Der Arbeitsvertrag in Dubai ist keine Verwaltungsformalität, sondern ein strategisches Dokument, das festlegt, wie stark das Unternehmen vor Personalrisiken geschützt ist. Die starke Position des Arbeitgebers basiert auf einer Kombination aus einwandfreier Rechtstreue und durchdachten Vertragsmechanismen: genaue Stellenbeschreibung, ausgewogene Vergütungsstruktur, detaillierte Bestimmungen zur Vertraulichkeit und zum Wettbewerbsverbot, klare Kündigungsgründe und kompetente Wahl des anwendbaren Rechts.

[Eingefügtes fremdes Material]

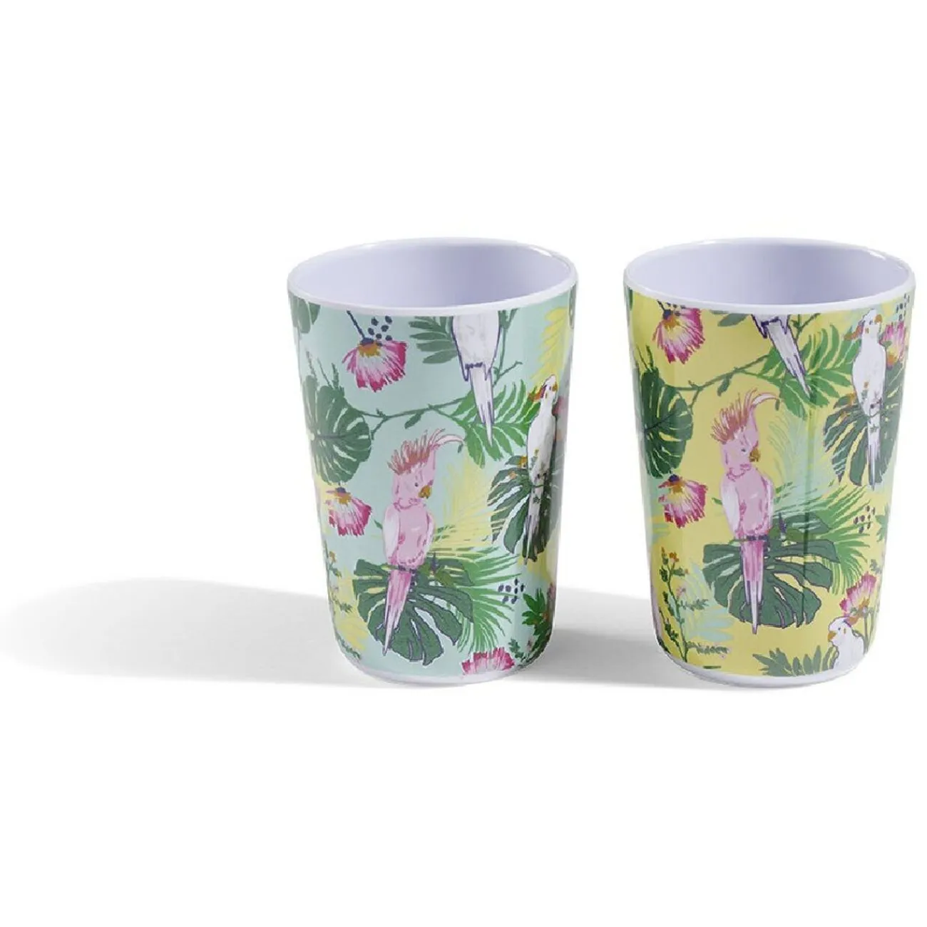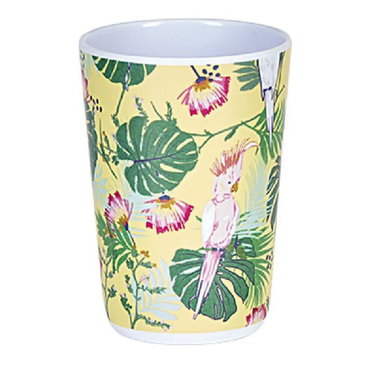 Gobelet en plastique melaminé pour une table colorée au ton tropical grâce aux motifs feuillage, fleurs et oiseaux.

Der Gewinner im Streit mit dem Arbeitnehmer ist nicht derjenige, der den Verstoß lauter geltend macht, sondern derjenige, der den Vertrag im Voraus so gestaltet hat, dass seine Bedingungen vor MOHRE oder einem Gericht klar, beweisbar und durchsetzbar bleiben. Deshalb sollte ein Arbeitsvertrag nicht für den Moment der Unterzeichnung, sondern für den Fall einer Trennung verfasst werden – und das unterscheidet einen formellen Ansatz vom professionellen Schutz eines Unternehmens.